§ Problem to work on
You are asked to reproduce the listing exactly and to omit its pictures.

§ Data segment
----

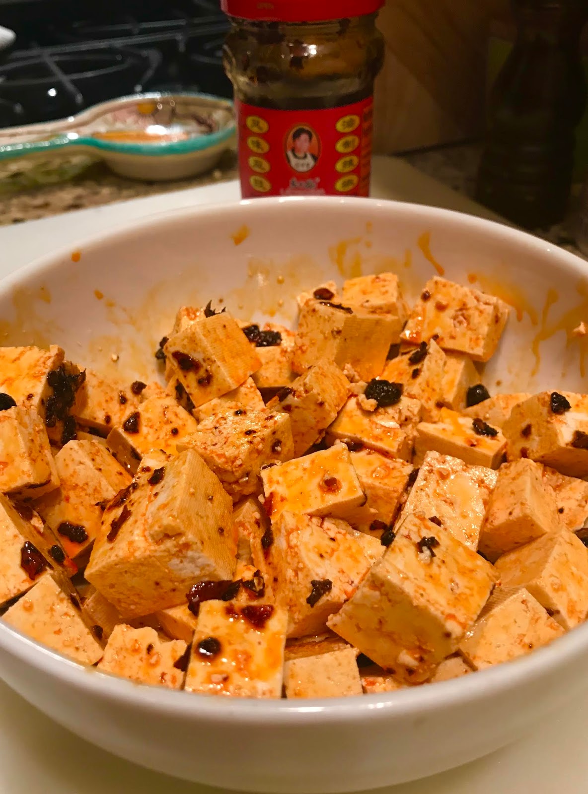 Add the Shaoxing wine and 1 Tbsp of LGM black bean paste to the cubed tofu to marinade. I’ve left it for up to an hour in the refrigerator and it imparts a nice flavor.
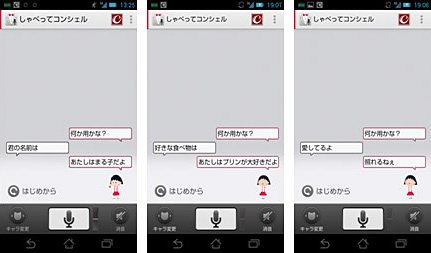 「しゃべってコンシェル」は、音声エージェント機能をもつAndroidアプリ。スマートフォンに話しかけるだけで情報を調べて教えてくれたり、携帯電話の操作をしてくれたりする。2012冬モデルのスマートフォン・タブレット端末の発売に合わせて、自分の好きなキャラクターに変更できる「しゃべってキャラ」や検索対象の拡大などの機能を追加。12月以降、順次、2012秋モデル以前のAndroid 4.0以上のスマートフォンに対応する。
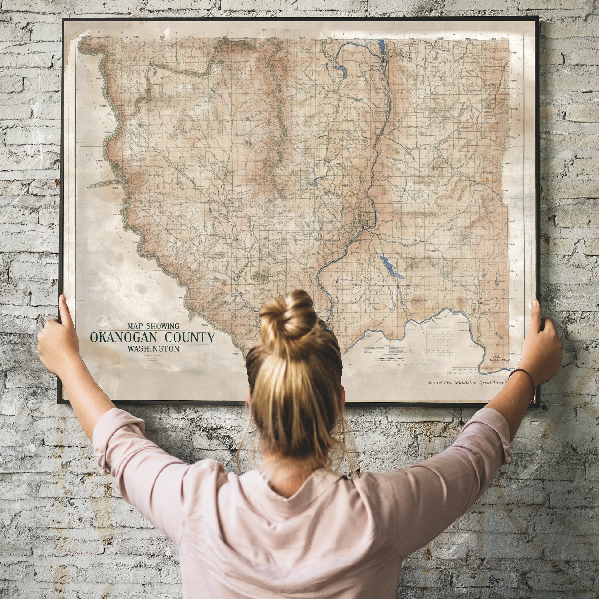166 Okanogan County 11x14"" vintage historic antique map poster print by Lisa Middleton

----

§ Solution to the exercise
 Add the Shaoxing wine and 1 Tbsp of LGM black bean paste to the cubed tofu to marinade. I’ve left it for up to an hour in the refrigerator and it imparts a nice flavor.
 「しゃべってコンシェル」は、音声エージェント機能をもつAndroidアプリ。スマートフォンに話しかけるだけで情報を調べて教えてくれたり、携帯電話の操作をしてくれたりする。2012冬モデルのスマートフォン・タブレット端末の発売に合わせて、自分の好きなキャラクターに変更できる「しゃべってキャラ」や検索対象の拡大などの機能を追加。12月以降、順次、2012秋モデル以前のAndroid 4.0以上のスマートフォンに対応する。
166 Okanogan County 11x14"" vintage historic antique map poster print by Lisa Middleton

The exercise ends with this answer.